Evaluation Uncertainty, Calibration, and Harness Reliability

April 29, 2026 • 17 min read

A point score from an LLM judge is not a measurement — it is a sample from a distribution. Conformal prediction converts that sample into a calibrated interval with guaranteed coverage. Fact-level confidence calibration reduces hallucinations without any retrieval system. Agent-as-a-Judge outperforms LLM-as-a-Judge. And the externalization framework paper (arXiv:2604.08224v1) provides the theoretical account of why the harness architecture — memory, skills, protocols, harness engineering — is not an engineering preference but a cognitive necessity.

The Measurement Problem in Automated Evaluation

The harness evaluator produces a number. Experiment-01's evaluator (glm4:9b) produced 9.0 for every run. Experiment-03's evaluator (Qwen3-Coder:30b) produced a mean of 7.07 with a standard deviation of 0.55. Both numbers are point estimates. Neither tells you how confident the evaluator is in that estimate, or how wide the interval of plausible scores is.

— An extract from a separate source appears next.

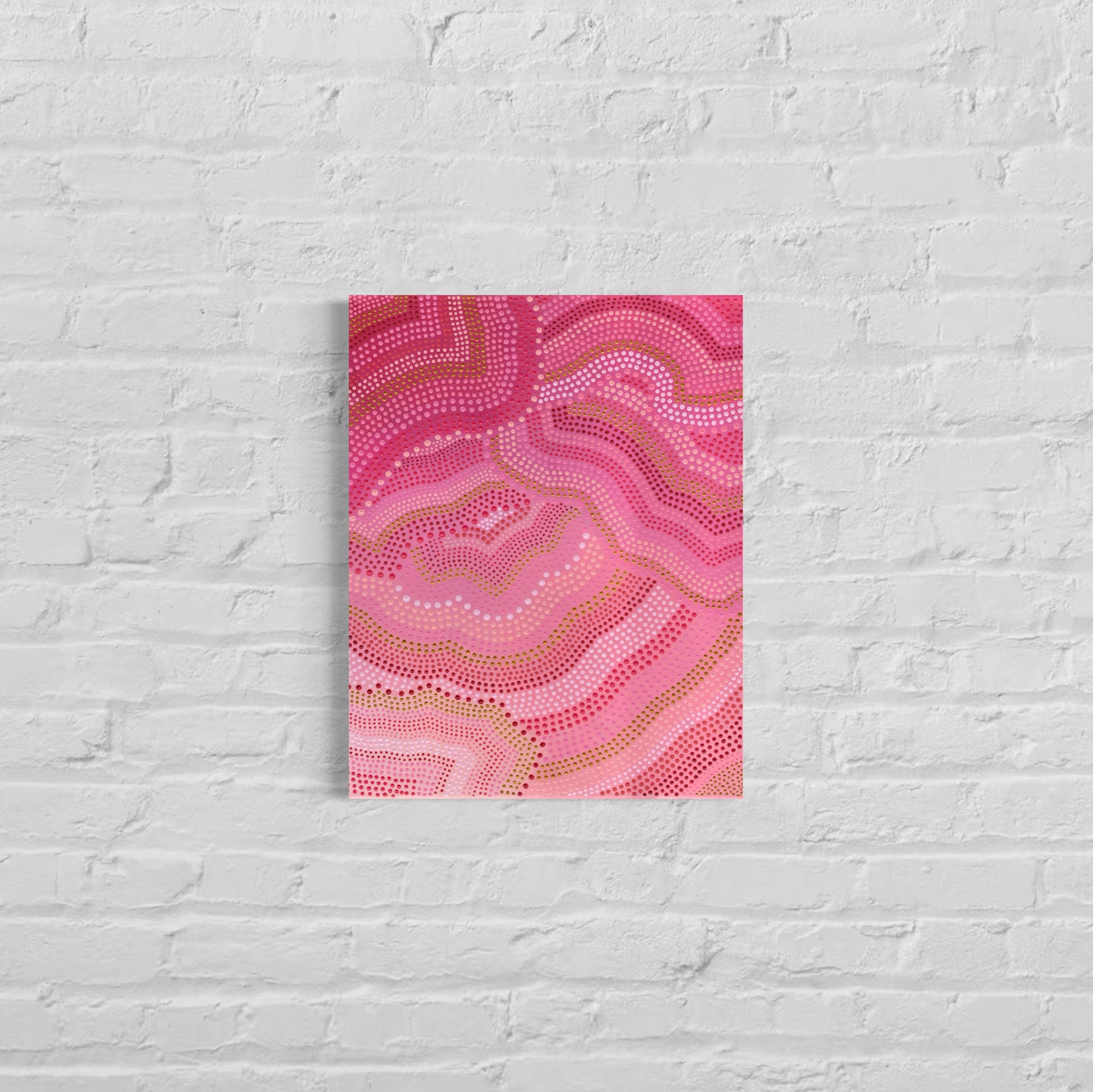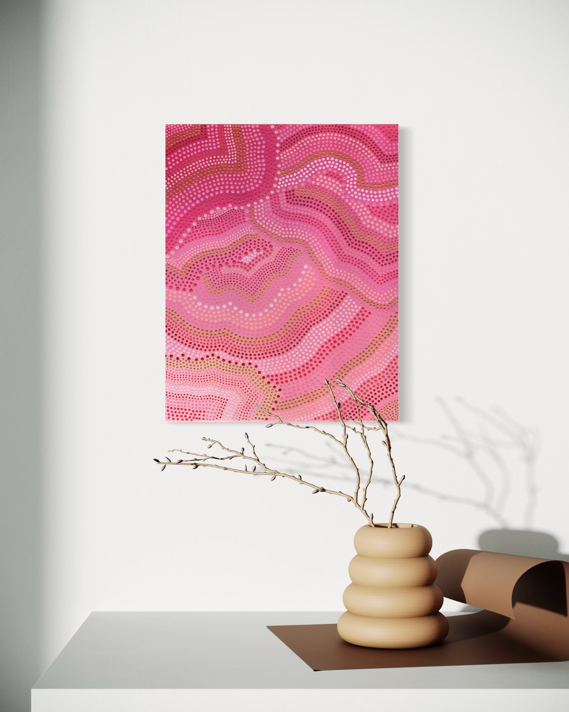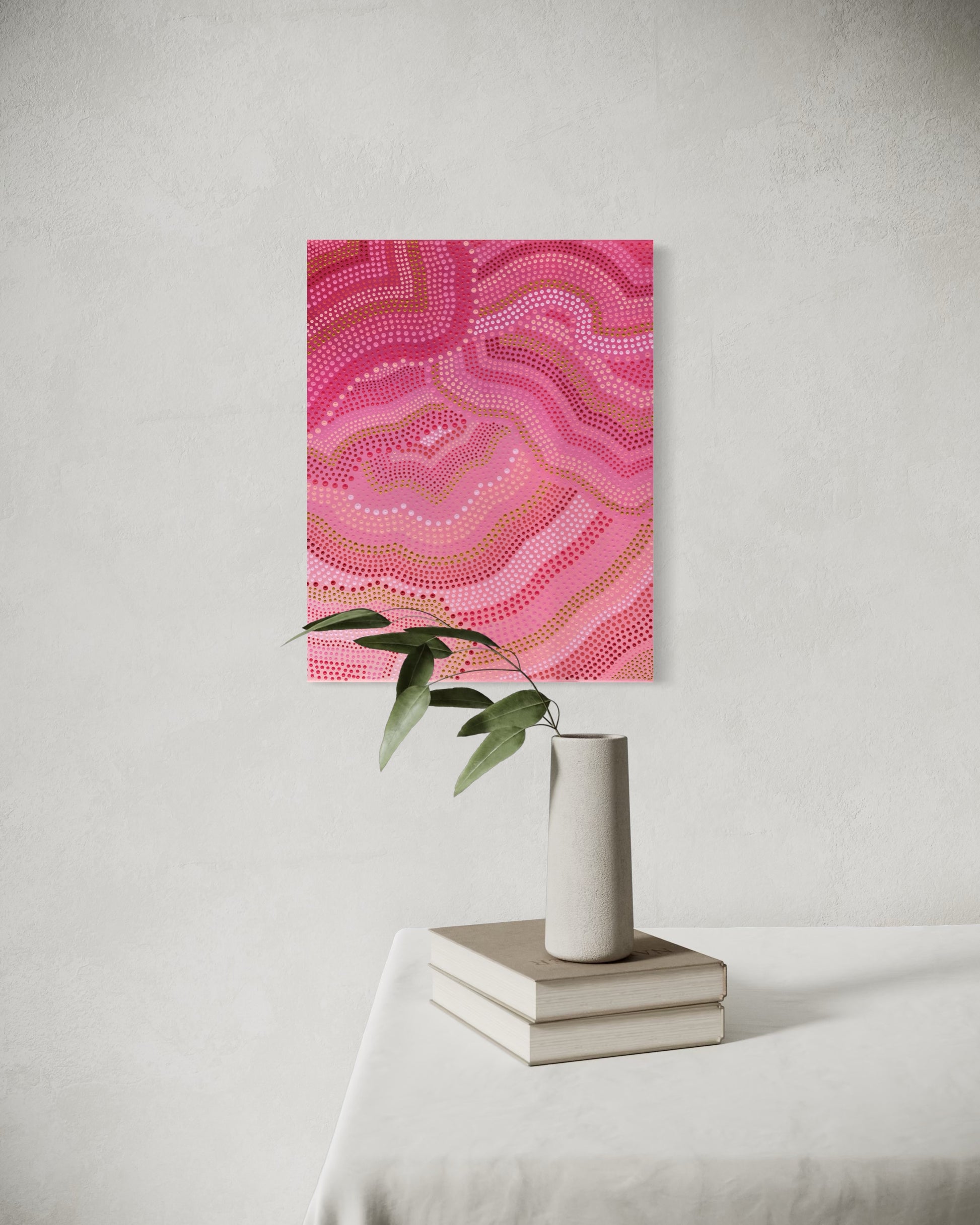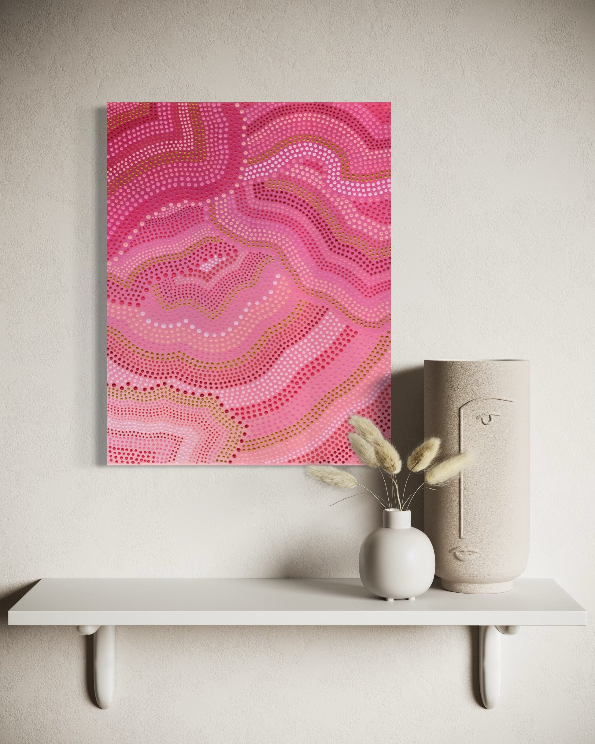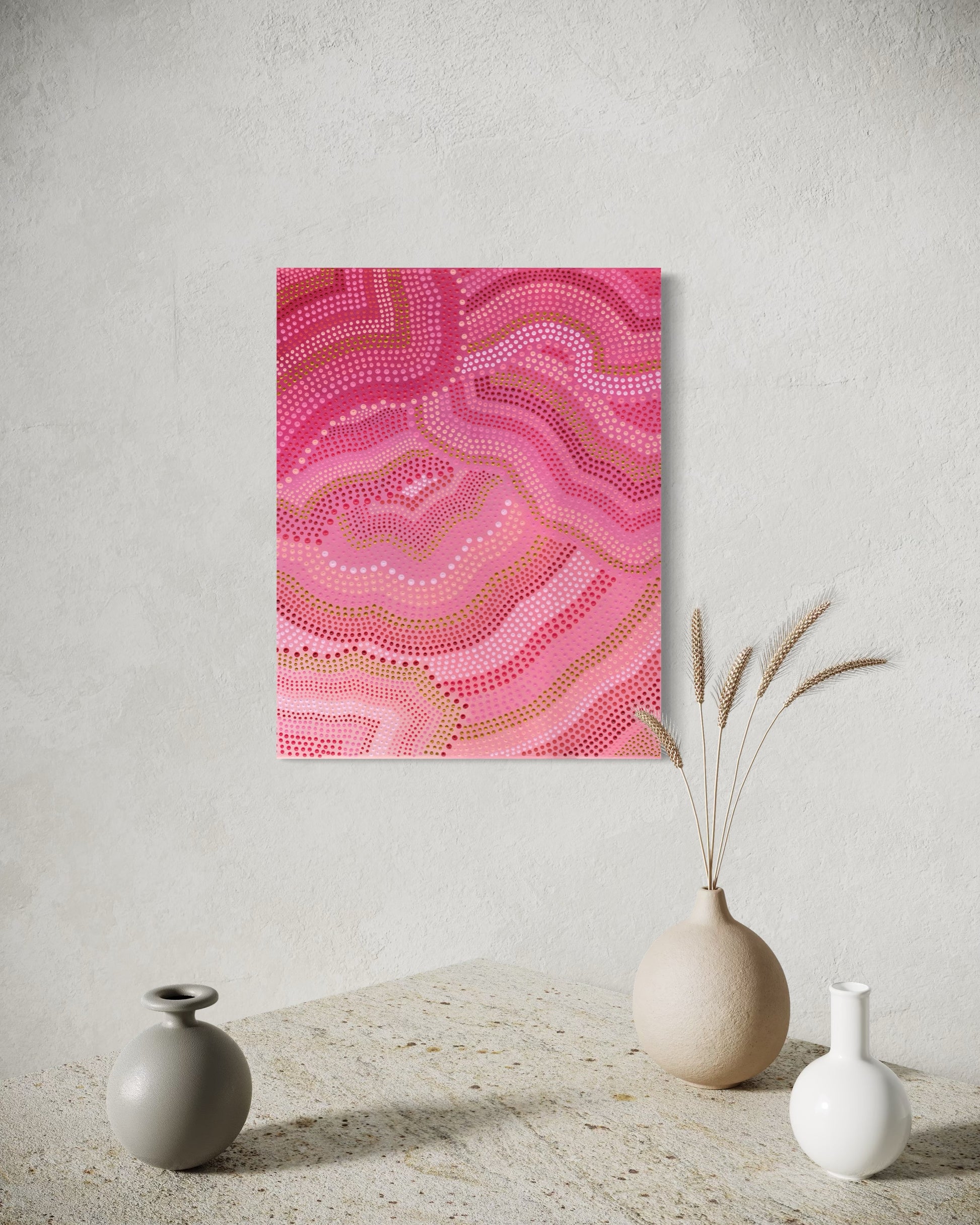 This painting represents Kaytetye country - Thangkenharenge, the traditional place name for Barrow Creek. As Kaytetye people, we are of this place. In this painting I have used bright pinks inspired by desert sunsets and dot work to represent Country.

This matters because the harness makes a binary decision based on the point estimate: PASS if score_final ≥ threshold, FAIL otherwise. A score of 7.9 against a threshold of 8.0 is a FAIL, but if the evaluator's uncertainty interval is [7.3, 8.5], then FAIL is only the modal outcome, not a confident verdict. The harness currently has no mechanism to express this uncertainty — it treats the point score as definitive.

The literature on evaluation uncertainty provides three complementary approaches to this problem: conformal prediction (convert point scores to statistically valid intervals), verbal uncertainty estimation (have the evaluator express low confidence directly), and Agent-as-a-Judge (replace the single-model evaluator with an agent that can reason about its own uncertainty).

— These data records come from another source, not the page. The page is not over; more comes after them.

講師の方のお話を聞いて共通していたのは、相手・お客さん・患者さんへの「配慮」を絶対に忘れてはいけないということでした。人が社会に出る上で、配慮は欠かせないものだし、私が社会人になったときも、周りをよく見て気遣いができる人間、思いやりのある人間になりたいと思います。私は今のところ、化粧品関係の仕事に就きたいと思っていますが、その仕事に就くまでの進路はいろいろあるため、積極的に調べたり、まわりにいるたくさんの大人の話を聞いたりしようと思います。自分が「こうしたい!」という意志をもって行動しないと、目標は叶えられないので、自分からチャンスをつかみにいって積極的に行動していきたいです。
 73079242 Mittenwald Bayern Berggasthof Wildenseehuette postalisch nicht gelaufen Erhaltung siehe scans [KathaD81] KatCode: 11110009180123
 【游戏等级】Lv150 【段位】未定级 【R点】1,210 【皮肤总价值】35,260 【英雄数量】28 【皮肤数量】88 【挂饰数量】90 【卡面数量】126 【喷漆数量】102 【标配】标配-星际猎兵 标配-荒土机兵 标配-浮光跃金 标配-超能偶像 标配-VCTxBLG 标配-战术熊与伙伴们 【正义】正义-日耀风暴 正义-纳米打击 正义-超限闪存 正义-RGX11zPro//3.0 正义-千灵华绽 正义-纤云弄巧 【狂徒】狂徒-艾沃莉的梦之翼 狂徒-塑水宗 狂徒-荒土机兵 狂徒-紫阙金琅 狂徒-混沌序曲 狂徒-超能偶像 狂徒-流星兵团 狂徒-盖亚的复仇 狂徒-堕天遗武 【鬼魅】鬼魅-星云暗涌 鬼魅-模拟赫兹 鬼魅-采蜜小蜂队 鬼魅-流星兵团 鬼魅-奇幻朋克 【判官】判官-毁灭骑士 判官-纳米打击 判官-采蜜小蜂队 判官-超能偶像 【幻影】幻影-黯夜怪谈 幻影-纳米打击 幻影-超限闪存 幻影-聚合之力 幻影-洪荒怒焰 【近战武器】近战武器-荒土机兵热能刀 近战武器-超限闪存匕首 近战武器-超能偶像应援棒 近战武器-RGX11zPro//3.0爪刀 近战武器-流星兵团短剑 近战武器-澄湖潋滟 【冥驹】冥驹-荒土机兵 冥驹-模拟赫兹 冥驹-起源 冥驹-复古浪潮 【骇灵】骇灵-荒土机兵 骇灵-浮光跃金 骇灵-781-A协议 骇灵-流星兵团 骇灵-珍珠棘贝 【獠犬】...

Conformal Prediction for LLM Judges

Conformal prediction (arXiv:2509.18658v1) was introduced in Post 13 as part of the judge reliability cluster. Here the focus is on the statistical machinery and its practical implications for the harness threshold decision.

The standard conformal prediction framework works as follows. Given a calibration set of (input, true_score) pairs and a new input with model score ŝ, conformal prediction constructs a prediction interval [ŝ − q, ŝ + q] where q is chosen such that the interval contains the true score with probability at least 1 − α on future inputs. This guarantee is distribution-free — it holds regardless of the model's score distribution, without any parametric assumptions.

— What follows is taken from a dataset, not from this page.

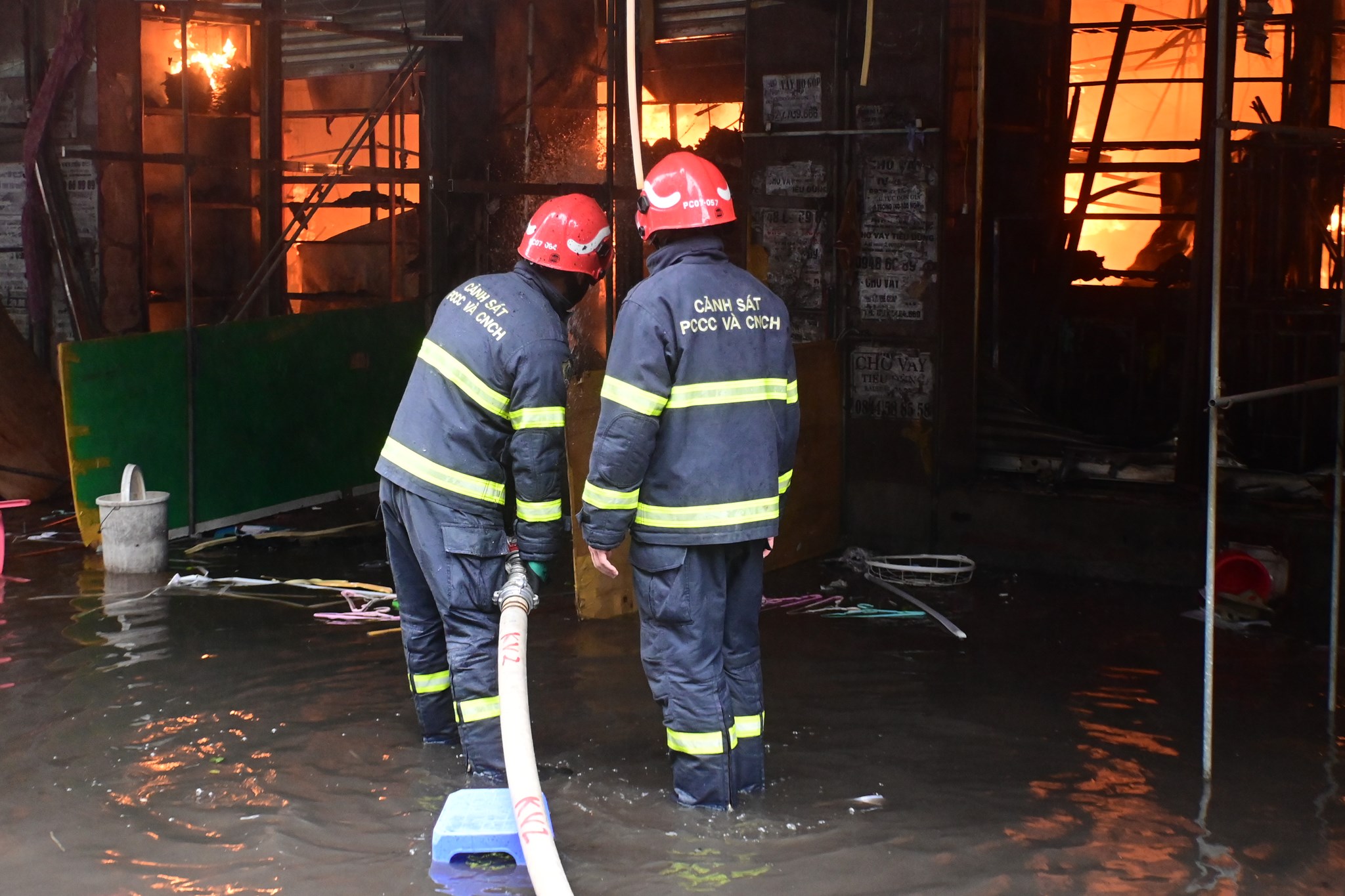 Hiện lực lượng Cảnh sát PCCC và CNCH CATP và các lực lượng liên quan tiếp tục phun nước chống cháy lan và dập lửa.

For discrete rating tasks (1–10 Likert scales), an ordinal boundary adjustment is required: the interval must align with discrete score boundaries rather than producing fractional endpoints. The paper proposes using the interval midpoint as a low-bias estimate — the observation that the average of the lower and upper interval bounds is less biased than the raw point score, because it smooths out evaluator overconfidence.

Harness application: Replace score_r1 ≥ threshold with interval_midpoint(score_r1) ≥ threshold and add an uncertainty gate: if interval_width(score_r1) > W_max, trigger the revision loop regardless of the point score. A score of 9.0 with interval [7.5, 10.5] is less reliable than a score of 8.2 with interval [7.8, 8.6]. The current harness cannot distinguish these two cases.

The companion paper on VLM judges (arXiv:2604.25235v1) extends this analysis to vision-language models and identifies a failure mode called ranking-scoring decoupling: judges achieve high ranking correlation (correctly identifying which output is better) while producing wide, uninformative absolute intervals. This means you can trust a VLM judge to say "A is better than B" but not to say "A scores 7.5 out of 10." Interval width is driven by task difficulty and annotation quality — on clean, multi-annotator benchmarks, intervals are 4.5× narrower than on noisy single-annotator benchmarks.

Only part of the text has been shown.